第28話 ゆく年くる年
『え゛、確かに此処って、NPCにも細かいパラメータとかあるけど…… 』
やや困惑気味な金髪緋眼のAI少女が黒犬と融合した状態で呟くも、第四次攻略戦に参加したプレイヤー達は更に混乱していることだろう。
そんな時に間髪入れず、各械人の仮面内部に備えられた映像を網膜投射する機能が作動して、虚空に浮かんだモーダルウィンドウへ戦績報告が表示された。
何気に直接的な戦闘行為だけが評価される訳でなく、栄えある総合一位に輝くのはエリアボスの討伐を計画立案して、全体的な指揮も執った小さな女王である。
同様に後方待機で生き残っていた宴華のギルドマスターも上位に食い込んでおり、ある程度の痛覚が緩和されるとは謂え、巨獣に噛まれたり、刃翼で切り裂かれたりした者達の苦労が思いやられてしまう。
『ん~、ずっと安全な場所に隠れてた “姿なき狩人” が総合二位なのは微妙ね』
『銃後の連中ばかりじゃなく、俺達も一桁台に入ってるのが救いだな、途中で退場させられた銀拳が評価対象にすら、入ってないのは気の毒だが……』
与ダメージだけで言えば、荒ぶるヴァルバドの利き腕を道連れにした白銀の械人も貢献度は高いずだが、被撃破者の一覧に名前を連ねるのみ。
勝利の礎となった者達に対する配慮の言葉を受け、戦績が納得のいくものだったのか、満足そうに頷いていた断裁乙女が黒鉄の装甲を纏う史郎へ話し掛ける。
『彼、戦いの中で新しい特技に目覚めたみたいだから、別に構わないんじゃない』
『…… うちも手札が増えてるけど、そっちは?』
さらりと言ってのけた琴音の傍、緩慢な動きで近づいていたボス戦に於けるもう一人の生存者であり、ねこ鍋商店街に属する銃器遣いが尋ねると、隠す気のない当人は振り向きながら “まぁね” と素直に事実を認めた。
それに便乗して、“疑似人格との融合及び分離Ⅱ” を獲得した黒犬も首肯すれば、どさくさに紛れてクリムが囁く。
『実は私も… 多分、止めを刺したことの副産物だけど』
若干、ばつの悪そうな小声での言い廻しを挟み、小型ディスプレイも兼ねた黒犬の赫いバイザーに表示された補助ウィンドウでは、あからさまな “刃翼” という名の特技が記載されている。
既に現化量子の燐光となって消えた巨獣の姿が脳裏を掠め、もしや疑似人格の現身に翼が生えて飛べるのかと、史郎が思ったところで巨猿や他の怪物と交戦中の者達に指示を与えていた乃亜より、独自の情報網による通信が入った。
『二人とも、お疲れ様。付近の小型種は第一分隊が片付けてくれたし、退路は第六分隊が押さえたから安全圏まで退きましょう。ねこ鍋の人もくるよね?』
『当然、このまま放置されたら離脱可能な場所に辿り着けず、どうでも良い雑魚に群がられた末、無惨に狩られて死ぬ自信がある!!』
仮想の疑似体験であっても、無数の顎で身体を喰い散らかされるのは嫌だと、最後まで取っておいた自決用の弾丸をチラつかせつつ、何故か堂々と白猫班の械人が薄い胸を張る。

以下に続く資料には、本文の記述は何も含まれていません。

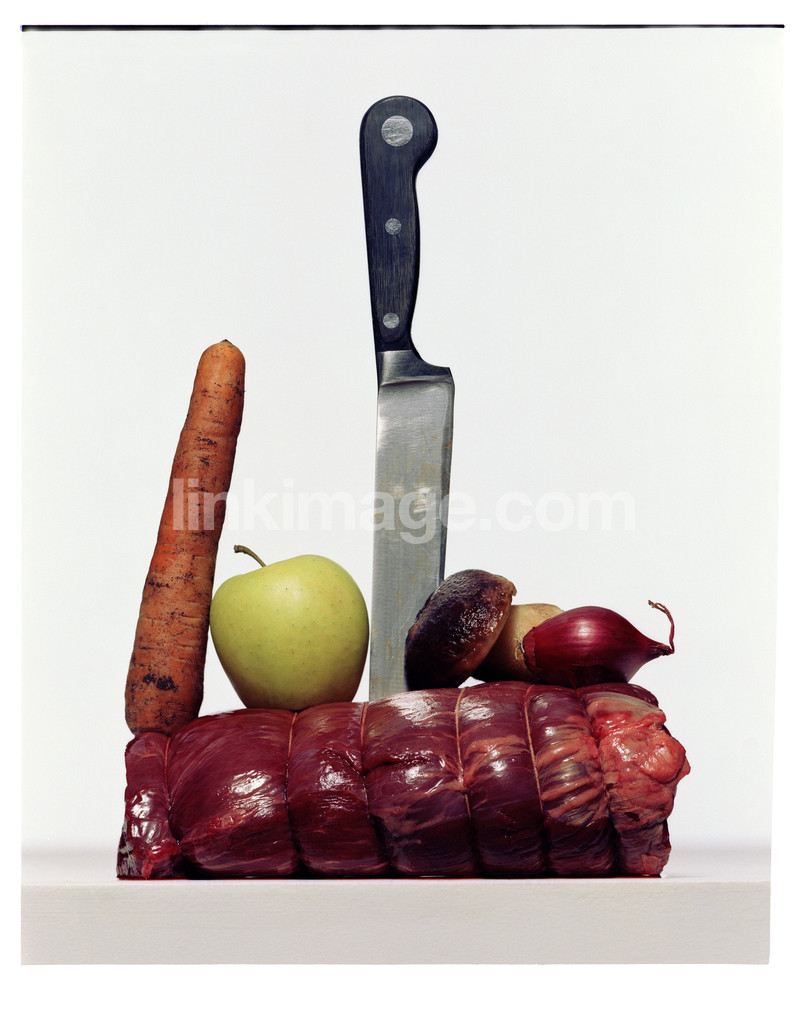 - food, still life, meat, ingredients, carrot, apple, knife, onions, mushrooms, group, cooking, steak

少々呆れながらも黒犬と断裁乙女は踵を返して、屋外変電所の入口で小さな女王らと合流を済ませた後、迷宮区域の外へ足を向けた。
その頃には囮の者達も戦闘を切り上げ、最寄りの離脱地点への移動を始めており、大晦日のお祭り騒ぎは終息を迎えて、鉄樹の森に静寂が戻る。
なお、この攻略戦で強制退場の憂き目に遭った面々《めんめん》はペナルティが課され、一定の時間が経過しなければ再ログインできないため、ねこ鍋商店街や宴華も交えた打ち上げは年明けに持ち越される次第となった。
昔の中編向けコンテスト用に描いた作品故、ここまでで終了となります。
いいプロットや、創作に割ける時間ができたら続きを書きたいものです。